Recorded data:
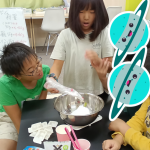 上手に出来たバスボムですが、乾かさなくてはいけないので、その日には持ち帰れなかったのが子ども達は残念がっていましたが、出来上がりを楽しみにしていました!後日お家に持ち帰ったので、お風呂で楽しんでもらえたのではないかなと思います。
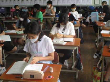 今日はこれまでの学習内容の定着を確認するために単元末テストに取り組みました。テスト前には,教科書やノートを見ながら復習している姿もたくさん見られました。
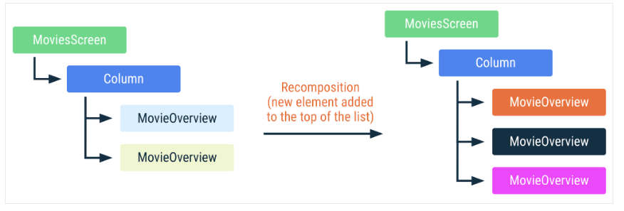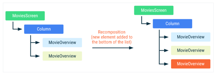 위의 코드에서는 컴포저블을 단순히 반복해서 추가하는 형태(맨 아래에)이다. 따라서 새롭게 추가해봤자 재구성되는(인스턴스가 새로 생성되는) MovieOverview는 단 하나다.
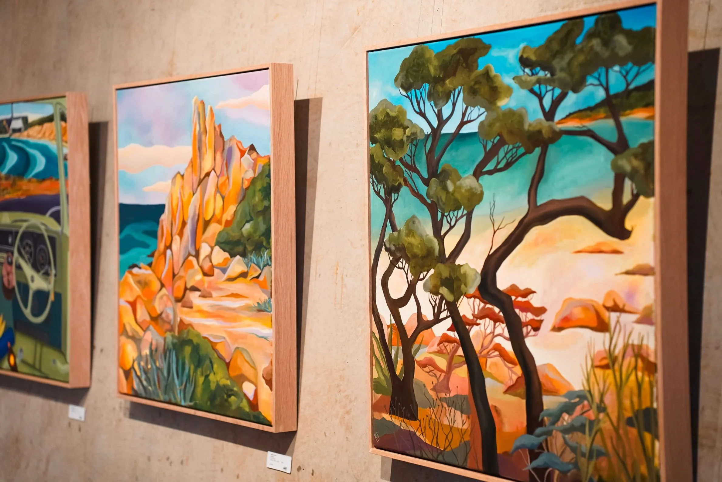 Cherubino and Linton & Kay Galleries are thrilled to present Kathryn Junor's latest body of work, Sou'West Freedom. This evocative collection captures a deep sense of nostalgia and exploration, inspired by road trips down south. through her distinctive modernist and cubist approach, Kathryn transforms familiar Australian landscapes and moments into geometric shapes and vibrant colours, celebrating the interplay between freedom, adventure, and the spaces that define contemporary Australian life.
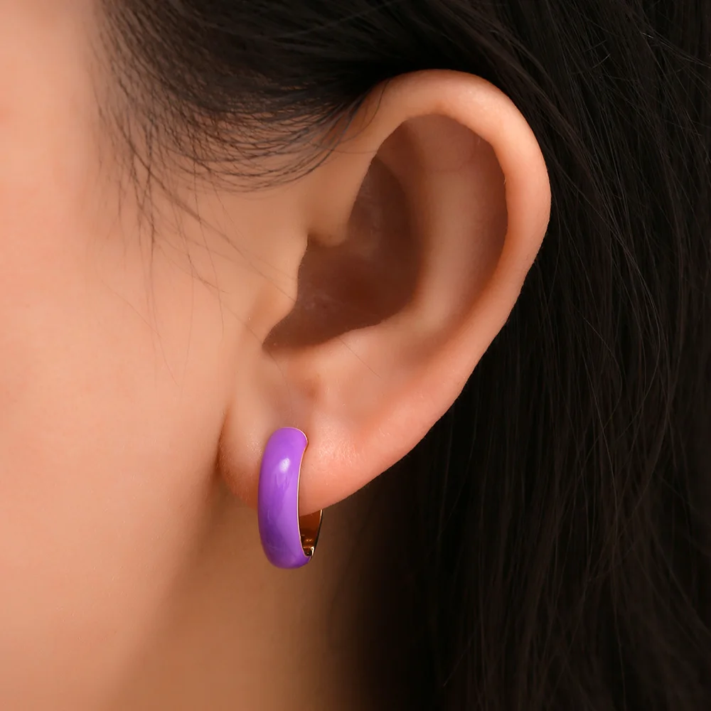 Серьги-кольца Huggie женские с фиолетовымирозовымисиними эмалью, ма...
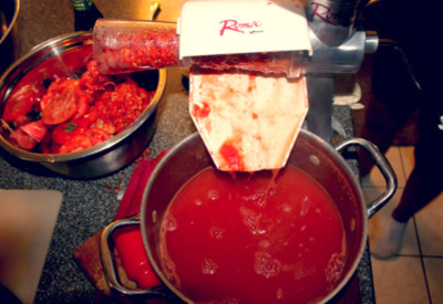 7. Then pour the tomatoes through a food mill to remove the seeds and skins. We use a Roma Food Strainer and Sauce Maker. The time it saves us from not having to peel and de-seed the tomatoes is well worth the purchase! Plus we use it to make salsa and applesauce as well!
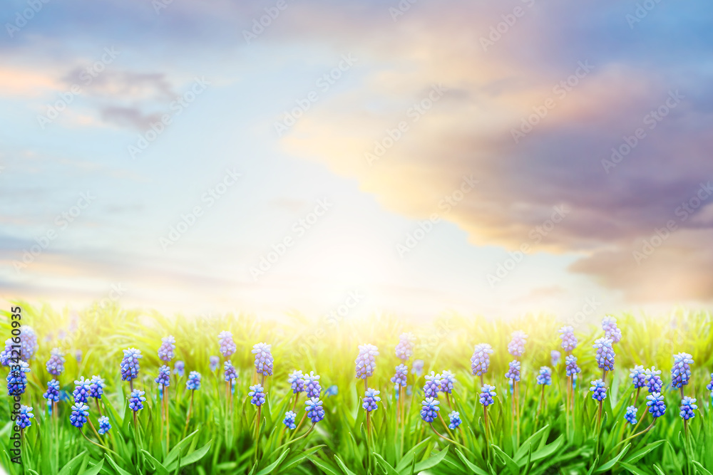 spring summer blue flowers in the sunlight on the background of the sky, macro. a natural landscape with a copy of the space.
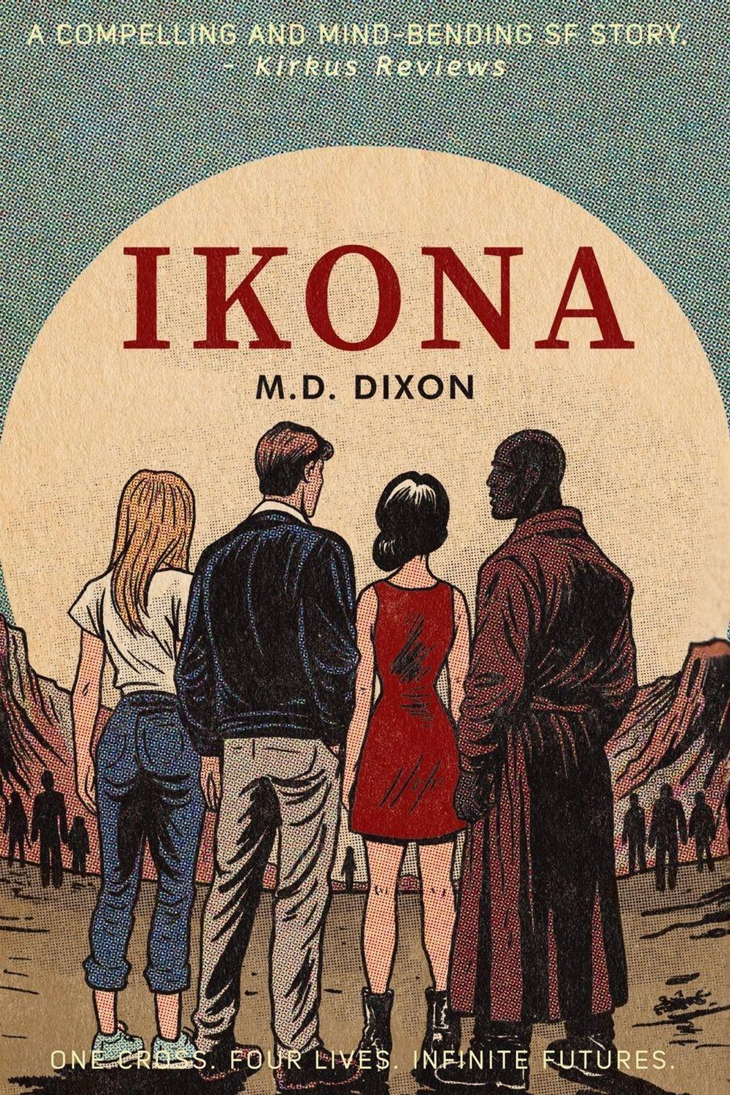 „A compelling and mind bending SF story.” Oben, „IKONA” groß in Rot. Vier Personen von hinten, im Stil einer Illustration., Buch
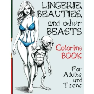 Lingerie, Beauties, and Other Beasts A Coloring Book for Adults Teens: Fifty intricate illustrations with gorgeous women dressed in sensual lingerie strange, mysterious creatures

Aim of the task :: What do the entries above read from the line containing "Cherubino and Linton" through the line containing "Серьги-кольца Huggie женские"? Output those lines exactly, both ends included, with the pictures left out.

Response to the task ::
 Cherubino and Linton & Kay Galleries are thrilled to present Kathryn Junor's latest body of work, Sou'West Freedom. This evocative collection captures a deep sense of nostalgia and exploration, inspired by road trips down south. through her distinctive modernist and cubist approach, Kathryn transforms familiar Australian landscapes and moments into geometric shapes and vibrant colours, celebrating the interplay between freedom, adventure, and the spaces that define contemporary Australian life.
 Серьги-кольца Huggie женские с фиолетовымирозовымисиними эмалью, ма...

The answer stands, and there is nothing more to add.